Я едва успела проглотить пилюли, как раздался звонок в интеркоме. С трудом добравшись до дверей и открыв их, я увидела ее выходящей из лифта и тут же повалилась на пол. Своим присутствием она меня спасла: я была дома одна. Расстались мы с моей новой знакомой только вечером, так как она спешила забрать свои вещи и уехать в аэропорт. Она возвращалась в Америку.
– Это я! – услышала я, когда открыла глаза. – Какое счастье, что я была рядом, в кафе «De la Paix», куда собиралась пригласить вас на чашку кофе. (Кафе находится на углу нашей улицы, через дом от меня.)
Я смотрела на стоящую передо мной высокую, всё еще красивую, элегантно одетую немолодую даму и не верила своим глазам. Извинившись за оказанный прием, я пригласила ее сесть в кресло рядом с диваном, на который она меня положила. Прошло несколько минут молчания, пока я, открыв наконец рот, произнесла:
– Во-первых, спасибо большое за оказанную помощь. Во-вторых, прошу меня извинить, но мне трудно поверить, что вы – тот самый младенец, о котором я написала, и которого фашист швырнул в кусты. Это исключено. Младенец не мог остаться в живых.
– Я понимаю, насколько эта ситуация кажется невероятной, но я вас очень прошу: не спешите с выводами и по мере возможности постарайтесь ответить на мучающие меня вопросы. Я вижу, что вам стало легче.
– Постараюсь. Что вас интересует? – спросила я.
– Как звали мою маму? – со слезами на глазах спросила она.
– К сожалению, я не знаю, – ответила я, – моя мама, наверное, знала.
– И еще один вопрос: могли бы вы описать ее или рассказать что-нибудь о ней и ее семье? Для меня это очень важно. Постарайтесь вспомнить, пожалуйста. Каждое ваше слово о моей родной матери для меня неоценимо.
Ее просьбы, ее переполненные слезами глаза и дрожащий голос разворошили мне душу. Кто, как не я, лишившаяся матери еще в детском возрасте, могла бы ее так понять?
Напрягая свою память, я с нежностью и восторгом описала ей ее мать:
– Высокая, стройная блондинка, очень красивая, с большим животом, которая, уступив родителям свое место в подводе, примкнула к моей маме и точно так же, как и я, не отдалялась от нее ни на шаг. Я шла с одной стороны, цепко держась за мамину юбку, а мама, взяв ту женщину под руку, по мере возможности облегчала ей ходьбу под проливным дождем. С собой она ничего не несла, так как свой рюкзак передала родителям. Время от времени мама спрашивала ее, как она себя чувствует, на что она, бодрясь, отвечала: «Хорошо».
Запомнился мне отрывок их разговора, из которого я поняла, что вашего отца румынский солдат еще в Мэркулештах расстрелял за то, что он заступился за какую-то пожилую женщину, отказавшуюся расставаться с золотым семейным кулоном, где были фотографии ее родителей. Она ни днем, ни ночью с ним не расставалась, ее тоже расстреляли.
У вашей мамы та беременность была первой, и ею она очень дорожила. «Хотя бы донести ее до места назначения», – говорила она, а моя мама ее успокаивала, говоря, что вот-вот весь этот кошмар закончится. Всё остальное вы знаете из моего рассказа, – сказала я и умолкла.

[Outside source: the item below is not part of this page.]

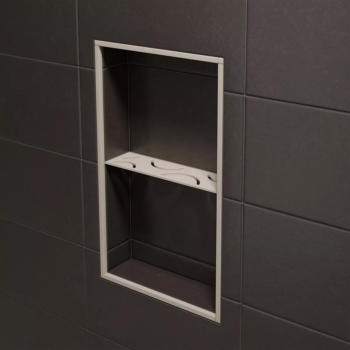 Schlüter-SHELF-N-S1 Cream Rechteckige Nischen-Wandablage Mit Schlüter-SHELF-N-S1 können Sie während der Fliesenverlegung die vorgefertigte Nische Schlüter-KERDI-BOARD mit einer passgenauen Ablage ausstatten. Damit nicht genug: Sie haben hier auch noch maximale Flexibilität in Sachen Material und Design. So ist die hochwertige Nischen-Wandablage entweder aus gebürstetem Edelstahl oder strukturbeschichtetem Aluminium gefertigt.

– Спасибо, – еле слышно вымолвила она сквозь слезы, – я всю свою жизнь мечтала встретить кого-нибудь, кто мог бы ответить на постоянно мучающие меня вопросы. Большое вам спасибо!
Наступило долгое молчание: будто окаменев, каждая из нас думала о своем. Прошло немало времени, и я, ничего не говоря, поднялась с дивана, пошла на кухню и вернулась с двумя чашками черного кофе, тортом и бутылкой воды на подносе.
– Угощайтесь! – пригласила я ее. – Черный кофе успокаивает. Мне бы очень хотелось услышать ваш рассказ.
– Я не уйду, пока не расскажу вам всё, – ответила она, вытирая слезы. – Вы первая и, вероятно, последняя, перед которой я раскрываю свою душу.
У меня в жизни не было ни родных, ни подруг, тем более boy friends (парней). Первое слово, которое меня научили произносить, было не «мама», а «баба», значения которого я еще не понимала, но хорошо знала, к кому оно относилось. Это была немолодая украинская женщина, в доме которой я выросла. Больше там никого не было. Когда спустя несколько лет я спросила ее, почему у моих ровесников есть мама тоже, она мне ответила, что моя мама (ее дочь) умерла при родах.
– А отец? – продолжила я.
– Он погиб на фронте, – был ее короткий ответ.
– А братья и сестры?
– У тебя их никогда не было, – ответила она коротко.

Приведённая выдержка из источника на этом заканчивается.